Observation #4: No two individuals in a population are exactly alike
Observation #5: Much of the observed variation in a population is heritable
INFERENCE #2: Survival in this "struggle for existence is not random, but depends,
in part, on the hereditary makeup of the survivors. Those individuals who inherit
characteristics that allow them to best exploit their environment are likely to leave
more offspring than individuals who are less well suited to their environment.
INFERENCE #3: Unequal reproduction between suited and unsuited organisms
will eventually cause a gradual change in a population, with characteristics
favorable to that particular environment accumulating over the generations.

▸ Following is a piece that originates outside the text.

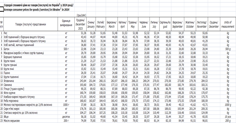 На сайті Держстату відображена, з-поміж іншої, інформація про поточні середні споживчі ціни на товари (послуги). Щоб її знайти, перейдіть у розділи Статистична інформація Економічна статистика Ціни Середні споживчі ціни на товари (послуги). Тут зможете завантажити файл з інформацією про середні споживчі ціни за місяцями 2024 року, зокрема, на продукти харчування (рис. 1).

SO WHAT IS THIS THEORY OF NATURAL SELECTION, ANYWAY?
It can be broken down into four basic tenets, or ideas…
1. Organisms are capable of producing huge numbers of offspring. (The tenet of
OVERPRODUCTION)
2. Those offspring are variable in appearance and function, and some of those
variations are heritable. (The tenet of HERITABLE VARIABILITY)
3. Environmental resources are limited, and those varied offspring must
compete for their share. (The tenet of COMPETITION)
4. Survival and reproduction of the varied offspring is not random. Those
individuals whose inherited characteristics make them better able to compete
for resources will live longer and leave more offspring than those not as able to
compete for those limited resources.
(The tenet of DIFFERENTIAL
REPRODUCTION)
Note that EVOLUTIONARY FITNESS is nothing more and nothing less than
DIFFERENTIAL REPRODUCTION due to organisms' differing abilities to cope with
environmental limitations.
Evolutionary fitness is defined by the environment, and there is no such thing as a
"most highly evolved species."
When you design and present your Symbiosis posters, keep this in mind. Each
relationship is an example of COEVOLUTION--species being selected by
environmental limitations, including INTERACTIONS WITH OTHER SPECIES.
As we'll see later, NATURAL SELECTION is only one of several ways that populations
can gradually (or not so gradually) change.
Different species are, by definition, REPRODUCTIVELY ISOLATED from one another.
This means that at some time during a species' evolution, some individuals of one
species branch off to become members of a different species.
And scientists who study the processes and mechanisms
speciation events are called EVOLUTIONARY BIOLOGISTS.